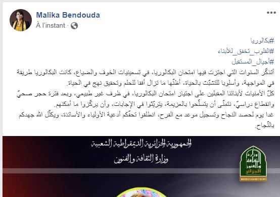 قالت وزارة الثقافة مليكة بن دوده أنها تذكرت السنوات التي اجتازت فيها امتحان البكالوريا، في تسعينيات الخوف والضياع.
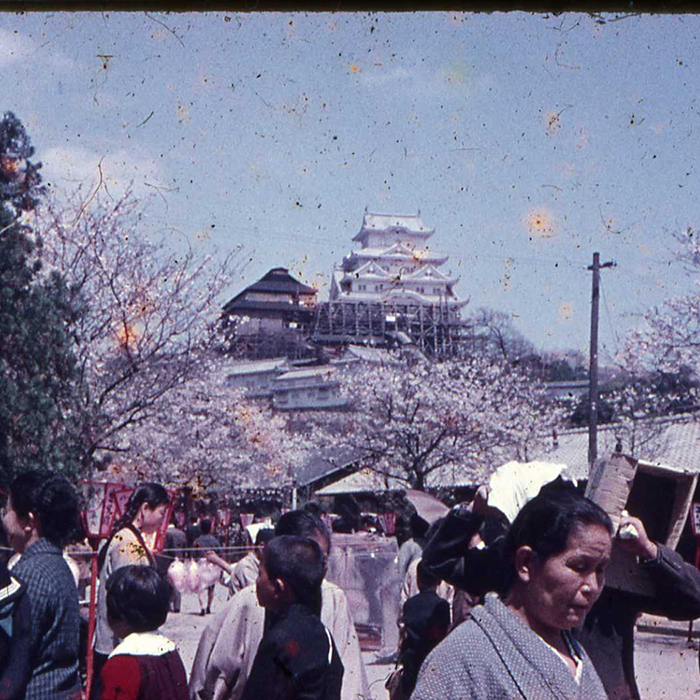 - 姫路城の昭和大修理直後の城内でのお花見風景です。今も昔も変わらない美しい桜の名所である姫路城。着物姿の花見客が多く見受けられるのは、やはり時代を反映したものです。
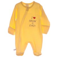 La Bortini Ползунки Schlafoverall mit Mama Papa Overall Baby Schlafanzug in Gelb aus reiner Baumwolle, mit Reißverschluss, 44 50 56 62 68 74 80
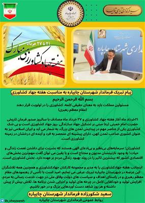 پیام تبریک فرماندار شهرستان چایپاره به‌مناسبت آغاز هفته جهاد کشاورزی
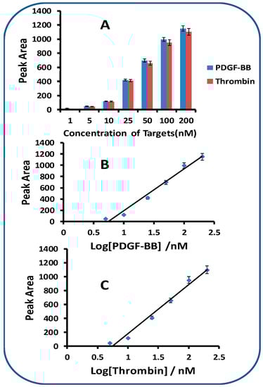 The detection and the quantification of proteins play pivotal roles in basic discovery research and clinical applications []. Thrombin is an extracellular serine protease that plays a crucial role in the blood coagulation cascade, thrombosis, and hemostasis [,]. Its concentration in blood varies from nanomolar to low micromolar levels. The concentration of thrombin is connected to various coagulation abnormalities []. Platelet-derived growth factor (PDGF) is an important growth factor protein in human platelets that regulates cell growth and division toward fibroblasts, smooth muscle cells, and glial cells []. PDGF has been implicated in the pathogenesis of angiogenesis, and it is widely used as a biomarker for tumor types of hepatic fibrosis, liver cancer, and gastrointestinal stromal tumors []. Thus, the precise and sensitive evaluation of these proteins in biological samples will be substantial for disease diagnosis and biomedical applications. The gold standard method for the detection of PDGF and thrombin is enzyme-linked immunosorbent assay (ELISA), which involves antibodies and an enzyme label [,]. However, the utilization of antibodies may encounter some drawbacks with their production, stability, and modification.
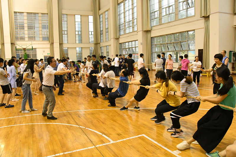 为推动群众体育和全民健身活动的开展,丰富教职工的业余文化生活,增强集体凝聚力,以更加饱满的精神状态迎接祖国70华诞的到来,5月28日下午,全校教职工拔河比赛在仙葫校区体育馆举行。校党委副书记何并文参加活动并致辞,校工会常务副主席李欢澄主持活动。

* * *

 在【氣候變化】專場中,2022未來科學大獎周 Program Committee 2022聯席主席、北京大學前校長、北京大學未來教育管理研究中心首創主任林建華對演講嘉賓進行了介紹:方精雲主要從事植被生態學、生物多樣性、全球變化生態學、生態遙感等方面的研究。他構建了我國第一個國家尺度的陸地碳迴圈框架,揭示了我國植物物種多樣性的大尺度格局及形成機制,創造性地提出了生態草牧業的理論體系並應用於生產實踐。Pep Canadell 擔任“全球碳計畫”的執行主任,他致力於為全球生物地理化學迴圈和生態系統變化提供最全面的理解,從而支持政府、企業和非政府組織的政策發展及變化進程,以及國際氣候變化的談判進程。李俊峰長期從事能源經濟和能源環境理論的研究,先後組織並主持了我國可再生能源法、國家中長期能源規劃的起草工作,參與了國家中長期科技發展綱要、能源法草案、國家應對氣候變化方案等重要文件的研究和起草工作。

PROBLEM DESCRIPTION
Return exactly the stretch above whose first line contains "قالت وزارة الثقافة" and whose last line contains "- 姫路城の昭和大修理直後の", and nothing outside it. The pictures should not appear.

EXERCISE RESPONSE
 قالت وزارة الثقافة مليكة بن دوده أنها تذكرت السنوات التي اجتازت فيها امتحان البكالوريا، في تسعينيات الخوف والضياع.
 - 姫路城の昭和大修理直後の城内でのお花見風景です。今も昔も変わらない美しい桜の名所である姫路城。着物姿の花見客が多く見受けられるのは、やはり時代を反映したものです。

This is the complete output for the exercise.